Dimmi: lo spirito e forse appiccato al corpo
con qualche nervo, o con qualche muscolo o membrana, che di necessità si
abbia a rompere quando lo spirito si parte? o
forse è un membro del corpo, in modo che n'abbia a essere schiantato o
reciso violentemente?

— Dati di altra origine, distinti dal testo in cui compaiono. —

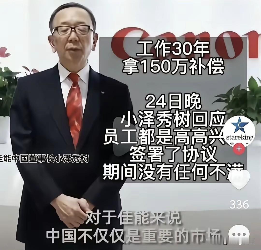 “佳能中国”关闭珠海工厂,与员工达成解雇协议!工作30年补偿150万,员工高兴签了协议,没有任何意见。 佳能是日本知名相机品牌,改革开放后入驻珠海,在中国经营几十年,应该赚了不少钱!当然也帮当地解决不少就业问题,为中国交了不少的税收! 为何关闭珠海工厂?应该原因如下: 1.互联网快速发展,智能手机社会普及,相机不再是家庭必备物品。 2.其他国外品牌进入,国内品牌崛起,冲击佳能市场份额,使其销售萎缩,入不敷出,不得已退出中国市场。 尽管佳能关闭珠海工厂,但按照中国法律,妥善解决解雇员工待遇补偿,就是遵法守规好企业,这个要肯定。 中国改革开放后,来华办厂外企很多,资料显示几十万家。主要是美欧亚发达国家,其中美韩日位居前三甲。 他们在中国赚了钱,也帮我们解决社会就业问题,为我们交了税收,为中国小康做了贡献。这些都应肯定的! …………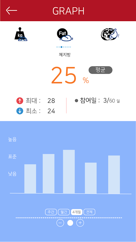 그 밖에 신체데이터 각각은 그래프를 통해 한 눈에 알 수 있고,

Non vedi che l'anima in
tanto esce di esso corpo, in quanto solo è impedita di rimanervi, e non v'ha
più luogo; non già per nessuna forza che ne la strappi e sradichi?

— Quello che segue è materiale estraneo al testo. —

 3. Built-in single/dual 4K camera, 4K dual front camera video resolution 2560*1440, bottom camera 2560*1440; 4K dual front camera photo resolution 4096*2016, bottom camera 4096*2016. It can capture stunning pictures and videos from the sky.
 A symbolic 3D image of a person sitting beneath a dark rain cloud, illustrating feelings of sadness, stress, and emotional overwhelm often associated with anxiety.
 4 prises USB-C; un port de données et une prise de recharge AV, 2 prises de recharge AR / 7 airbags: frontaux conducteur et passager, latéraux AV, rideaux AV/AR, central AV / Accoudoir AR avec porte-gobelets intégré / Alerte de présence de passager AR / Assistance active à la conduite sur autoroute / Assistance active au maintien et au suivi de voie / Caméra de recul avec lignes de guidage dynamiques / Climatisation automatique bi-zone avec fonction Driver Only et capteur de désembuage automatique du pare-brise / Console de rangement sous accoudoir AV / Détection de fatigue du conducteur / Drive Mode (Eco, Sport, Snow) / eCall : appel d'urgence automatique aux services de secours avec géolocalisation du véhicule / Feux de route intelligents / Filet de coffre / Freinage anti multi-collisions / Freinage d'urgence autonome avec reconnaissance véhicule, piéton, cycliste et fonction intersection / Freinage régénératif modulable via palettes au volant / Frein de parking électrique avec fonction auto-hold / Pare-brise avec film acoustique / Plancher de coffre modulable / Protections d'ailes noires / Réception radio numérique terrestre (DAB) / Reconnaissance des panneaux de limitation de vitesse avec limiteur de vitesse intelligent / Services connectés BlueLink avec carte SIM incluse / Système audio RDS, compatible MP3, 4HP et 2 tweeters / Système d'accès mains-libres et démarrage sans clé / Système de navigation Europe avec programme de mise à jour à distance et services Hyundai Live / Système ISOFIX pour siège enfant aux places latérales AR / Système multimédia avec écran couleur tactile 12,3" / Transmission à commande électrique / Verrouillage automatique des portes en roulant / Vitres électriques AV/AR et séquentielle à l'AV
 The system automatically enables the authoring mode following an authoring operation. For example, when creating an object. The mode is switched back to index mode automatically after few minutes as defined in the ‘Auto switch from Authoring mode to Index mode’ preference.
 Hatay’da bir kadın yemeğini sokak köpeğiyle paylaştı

Dimmi ancora: forse nell'entrarvi, ella vi si sente conficcare o allacciare
gagliardamente, o come tu dici, conglutinare?

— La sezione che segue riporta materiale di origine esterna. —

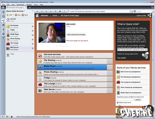 16 июня компания Opera Software официально представила Opera Unite - новую технологию, позволяющую сделать любой компьютер не только клиентским устройством, но и сервером. Это даёт возможность пользователям связываться с удаленными ПК напрямую и делиться информацией без использования онлайн-сервисов и приложений, а также удалённо работать с хранящейся на его компьютере информацией с помощью любого другого устройства, оснащённого современным веб-браузером.
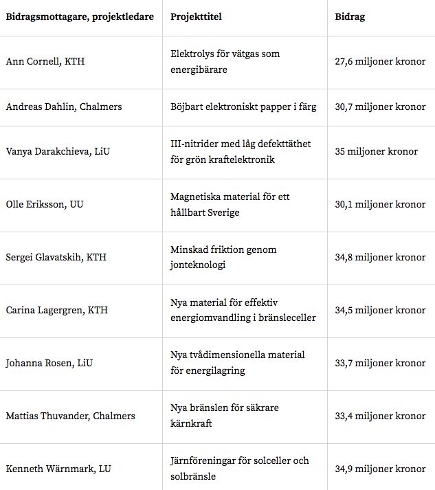 Inom ett annat projekt siktar Kenneth Wärnmark Lunds universitet, på att byta ut dagens dyra och miljöovänliga material i solceller till järnbaserade material. För detta får han 34,9 miljoner.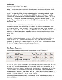0.5ml d’extrait enzymatique, 0.75 ml de tampon phosphate, puis dans le tube 1 on ajoute 1.25ml de caséine à 4%, dans le tube 2 on ajoute 1.25ml de caséine à 5%, dans le tube 3 on ajoute 1.25ml de caséine à 6% et dans le 4éme tube on ajoute 1.25ml de caséine à 7%, puis on les incube à 50°C pendant 30 minutes après agitation, ensuite on ajoute 1.25ml de TCA dans chaque tube, et on les laisse pour reposer pendant 10 minute à une température ambiante, enfin on les filtre.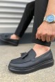 JY154 Blaze Bağcıksız Püsküllü Cilt Erkek Günlük Spor Klasik Ayakkabı CST - Siyah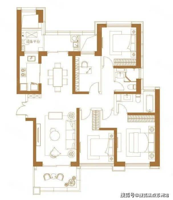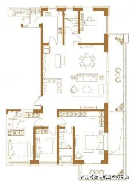 195㎡户型(4室3卫)特点: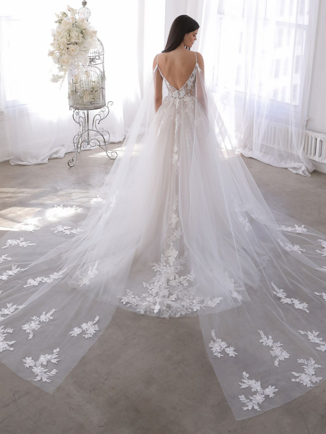 Floral embroidered lace bodice with dainty spaghetti straps, flowing into a dreamy tulle skirt. Optional detachable split cape adds an ethereal fairytale feel.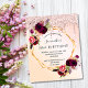 On front: An invitation for a 50 years old, 50th (or any age) birthday party. A rose gold, blush pink colored ombre background with a faux gold geometric frame. Decorated with dark purple and burgundy flowers, roses and boho style feathers. Faux rose gold glitter drips. Templates for a name and party details. The name is written with a hand lettered style script, gray colored letters.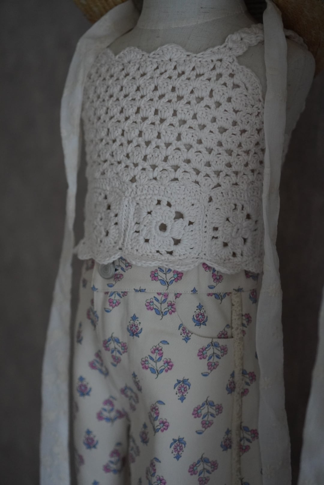 小花のような繊細なプリントが散りばめられた、上品でナチュラルな雰囲気の1枚です。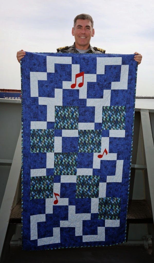 “I must have asked 100 people if they got a quilt from AHQ, Navy guys and gals were the easiest, looked at their hats and if I knew the name of the ship I asked them, almost all said yes then I asked if I could take their photo, and to give me their name and could we use it on the blog. If they hadn’t got a quilt I told them if they go again be sure and request a quilt (I think a few may have thought I was a little nuts but usually someone around them knew what I was talking about and said how wonderful they are to receive)
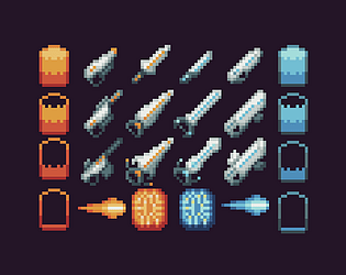 A bunch of pixel art assets befitting a top-down 2D sci-fi space shooter. One-time purchase, art still being added!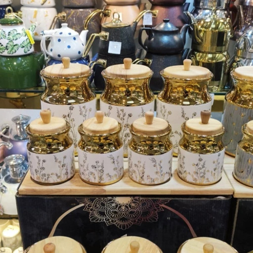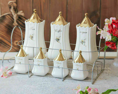 ست پاسماوری و جا ادویه چینی درجه یک استند دار طلایی کیفیت عالی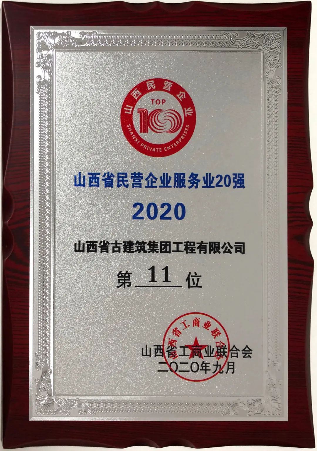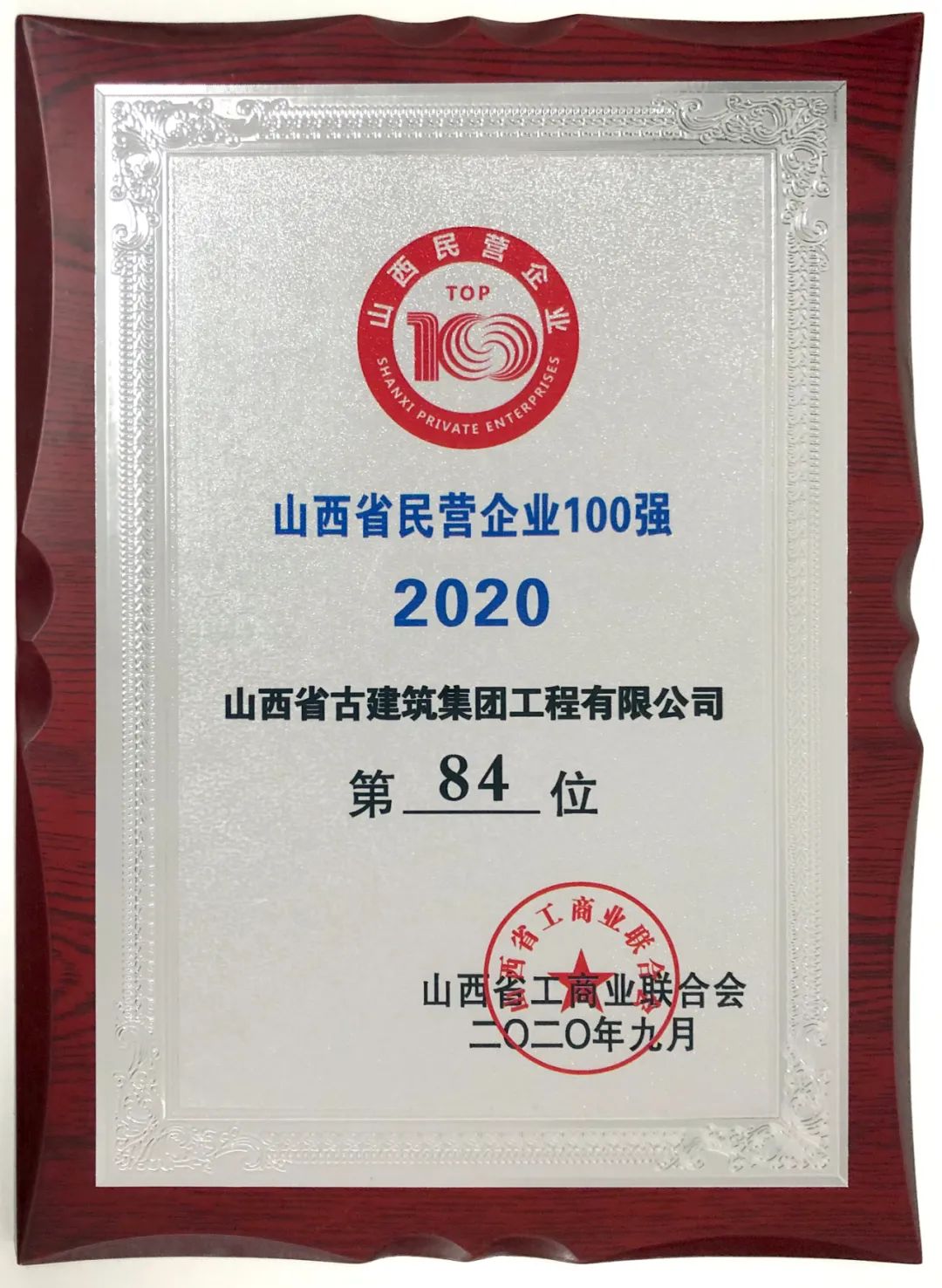百强民企作为山西民营企业的“领头雁”,是标杆,更是所有民营企业的追赶目标。入围百强民企榜单,这是一份荣耀,更是一份责任。山西省古建筑集团荣获“2020山西民营企业100强”称号,位列第84位;这项荣誉是对山西古建的肯定与鼓励,也标志着山西古建通过不断努力,在企业规模、社会效益、综合实力方面不断迈上新台阶。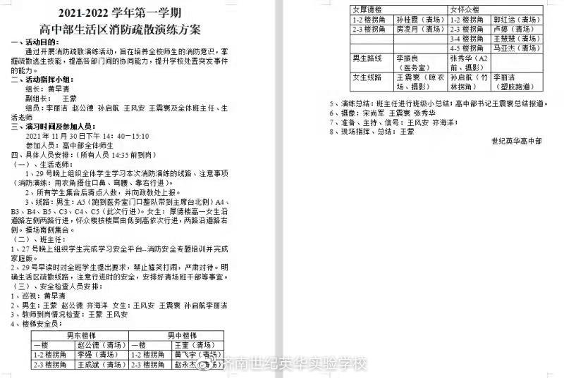 会议伊始,高中部政教处王风安主任就消防演练做出安排。他指出,安全稳定是干好一切工作的前提和基础;确保师生安全,是学部工作的头等大事。班主任老师务必从思想上高度重视此次演练,叮嘱好学生,熟悉逃生路线,按次序,听指挥。
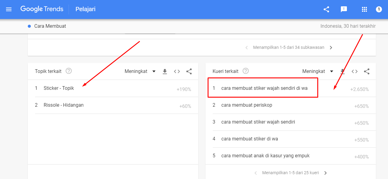Pada sesi ini kamu bisa memandang persentasi tingkatan pencarian bersumber pada topik terpaut serta kueri terpaut. pada sesi ini pula kamu bisa mengambil keputusan buat membuat artikel web atau blog yang mempunyai kesempatan visitor besar.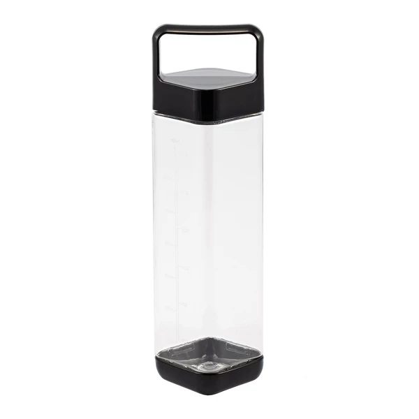 Bidon o nietypowym kwadratowym kształcie z wygodnym uchwytem. Pojemność 800 ml. Wykonany z tritanu. Wolny od BPA.

Perché dunque sentirà spiccarsi all'uscirne, o vogliamo dire proverà una
sensazione veementissima? Abbi per fermo, che
l'entrata e l'uscita dell'anima sono parimente
quiete, facili e molli.
Ruysch.
Dunque che cosa è la morte, se non è dolore?
Morto.
Piuttosto piacere che altro.
Sappi che il morire, come l'addormentarsi, non
si fa in un solo istante, ma per gradi. Vero è
che questi gradi sono più o meno, e maggiori o minori, secondo la varietà
delle cause e dei generi della morte.
Nell'ultimo di tali istanti la morte non reca né dolore né piacere alcuno,
come né anche il sonno. Negli altri precedenti
non può generare dolore perché il dolore è cosa viva, e i sensi dell'uomo in
quel tempo, cioè cominciata che è la morte, sono moribondi, che è quanto
dire estremamente attenuati di forze. Può bene
esser causa di piacere: perché il piacere non sempre è cosa viva; anzi forse
la maggior parte dei diletti umani consistono in qualche sorta di
languidezza. Di modo che i sensi dell'uomo sono
capaci di piacere anche presso all'estinguersi; atteso che
spessissime volte la stessa languidezza è piacere;
massime quando vi libera da patimento;
poiché ben sai che la cessazione di qualunque
dolore o disagio, e piacere per se medesima.
Sicché il languore della morte debbe esser più grato secondo che libera
l'uomo da maggior patimento. Per me, se bene nell'ora della morte non posi
molta attenzione a quel che io sentiva, perché mi era proibito dai medici di
affaticare il cervello; mi ricordo però che il
senso che provai, non fu molto dissimile dal diletto che è cagionato agli
uomini dal languore del sonno, nel tempo che si vengono addormentando.
Gli altri morti.
Anche a noi pare di ricordarci altrettanto.
Ruysch.
Sia come voi dite: benché tutti quelli coi
quali ho avuta occasione di ragionare sopra questa materia, giudicavano
molto diversamente: ma, che io mi ricordi, non allegavano la loro esperienza
propria. Ora ditemi: nel tempo della morte,
mentre sentivate quella dolcezza, vi credeste di morire, e che quel diletto
fosse una cortesia della morte; o pure immaginaste qualche altra cosa?
Morto.
Finché non fui morto, non mi persuasi mai di
non avere a scampare di quel pericolo; e se non
altro, fino all'ultimo punto che ebbi facoltà
di pensare, sperai che mi avanzasse di vita un'ora o due: come stimo che
succeda a molti, quando muoiono.
Gli altri
morti.
A noi successe il medesimo.
Ruysch.
Così Cicerone dice che nessuno è talmente decrepito, che non si
prometta di vivere almanco un anno. Ma come vi
accorgeste in ultimo, che lo spirito era uscito del corpo?
Dite: come conosceste d'essere morti? Non rispondono. Figliuoli, non
m'intendete? Sarà passato il quarto d'ora. Tastiamogli un poco.
Sono rimorti ben bene: non è pericolo che mi abbiano
da far paura un'altra volta: torniamocene a letto.